Kornelia Ender was quite a swimmer in the 1972 Summer Olympics, winning three silver medals for East Germany as a scrawny 13-year-old.
Four years later in Montreal, Ender strode to the pool with the same slim waist but with the shoulders and upper arms of a wrestler. She swam four events, won four gold medals and set four world records.
Little did the world know it was receiving its introduction to a saga that carries on today and that, if you ask the experts, may never end.
Ender admitted 15 years later that East German officials had pumped her full of unidentified drugs, causing her to gain 18 pounds of muscle in the run-up to the Games. Around the same time in 1991, former NFL lineman Lyle Alzado lay withering and dying from a brain tumor, the first suspected casualty of that league's doping outbreak.
Seven years later, a reporter noted a bottle labeled androstenedione in the locker of mammoth slugger Mark McGwire, who stood a few home runs short of eclipsing Roger Maris' 37-year-old season record.
So began baseball's steroid song, which hit another low note this week with the release of a book excerpt detailing Barry Bonds' alleged heavy use of performance enhancers. Also this week, Dr. James Shortt, physician to several Carolina Panthers, pleaded guilty to federal steroid charges.

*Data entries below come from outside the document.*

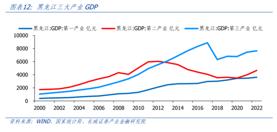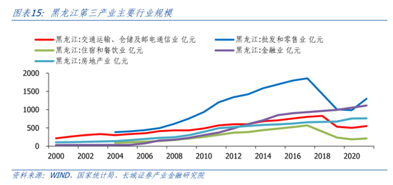 2018年黑龙江第三产业GDP挤出水分,之后重新恢复增长。2018年,黑龙江第三产业GDP总量6309.3亿元,较2017年8876.8亿元减少了28.92%。2018年-2022年,黑龙江第一、第二、第三产业的年均复合增速分别为4.72%、7.08%、4.91%。可以看到,黑龙江第三产业增长相对第二产业来说较为缓慢。从第三产业的结构来看,黑龙江和全国较为相似。2021年批发零售业产值1298.96亿元,占比18.0%;金融业产值1112.91亿元,占比15.4%。从增速来看,2019年-2021年,批发零售业、房地产业、金融业年均复合增长13.67%、6.43%、5.74%,增速较快;住宿和餐饮业年均复合增速-5.71%,受疫情影响严重。
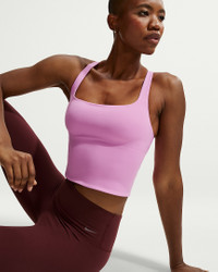 Bend and stretch in total confidence with this Zenvy bra tank. Still lightweight, its updated InfinaSoft fabric is now ultrasoft with stretch designed to recover its shape wear after wear. Light support with sewn-in pads gives you a gentle hold that's great for low-impact workouts and all-day comfort. Benefits - Nike Dri-FIT technology moves sweat away from your skin for quicker evaporation, helping you stay dry and comfortable. - Light support gives you a gentle hold with plenty of freedom that's great for low-impact workouts or all-day comfort. - Sewn-in pad offers subtle shaping and coverage without shifting or folding. Product Details - Body: 69% nylon/31% spandex. Panels lining: 88% polyester/12% spandex. Pad back fabric: 100% polyester. Pad: 100% polyurethane. - Machine wash - Imported - Shown: Light Magenta/White - Style: IB9872-503 SIZE & FIT Model is wearing size S Model height: 5'11"180cm Model bust: 34"86cm Tight fit: snug and form-fitting Light support: feels ke a soft hug with plenty of freedom
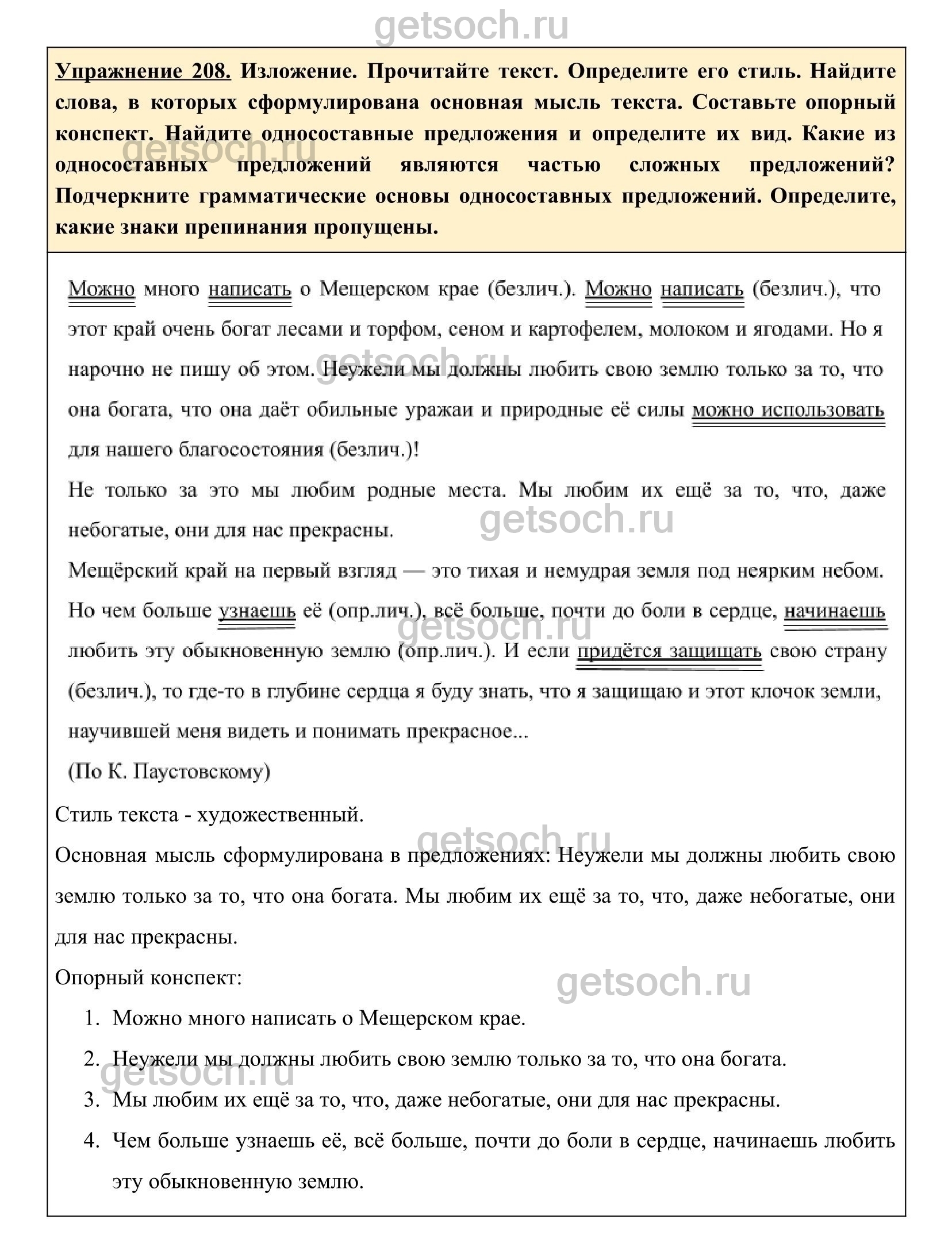 Упражнение 208. Изложение. Прочитайте текст. Определите его стиль. Найдите слова, в которых сформулирована основная мысль текста. Составьте опорный конспект. Найдите односоставные предложения и определите их вид. Какие из односоставных предложений являются частью сложных предложений? Подчеркните грамматические основы односоставных предложений. Определите, какие знаки препинания пропущены.

Thirty years have passed since Montreal. Steroids have become illegal in the United States, and the governing bodies of most Olympic and pro sports have widened testing policies and toughened penalties. But the sense that doping is somehow intrinsic to athletes' lust for self-improvement is stronger than ever.
"In the world of high-stakes professional sports, you have to assume the incentives make doping irresistible," said John Hoberman, a University of Texas professor who has studied the subject since the 1980s. "To assume otherwise is to assume the whole mentality of athletic subcultures can change overnight. Twenty years has taught me to expect otherwise."
The audience may show outrage at Bonds but shows few signs of wanting deeper change, said Dr. William Howard, a specialist in sports medicine at Union Memorial Hospital.
"The public has gotten used to these cartoon characters, coming out with 18-inch biceps like the Incredible Hulk," he said. "And people like it. They don't want to go back to the 1950s."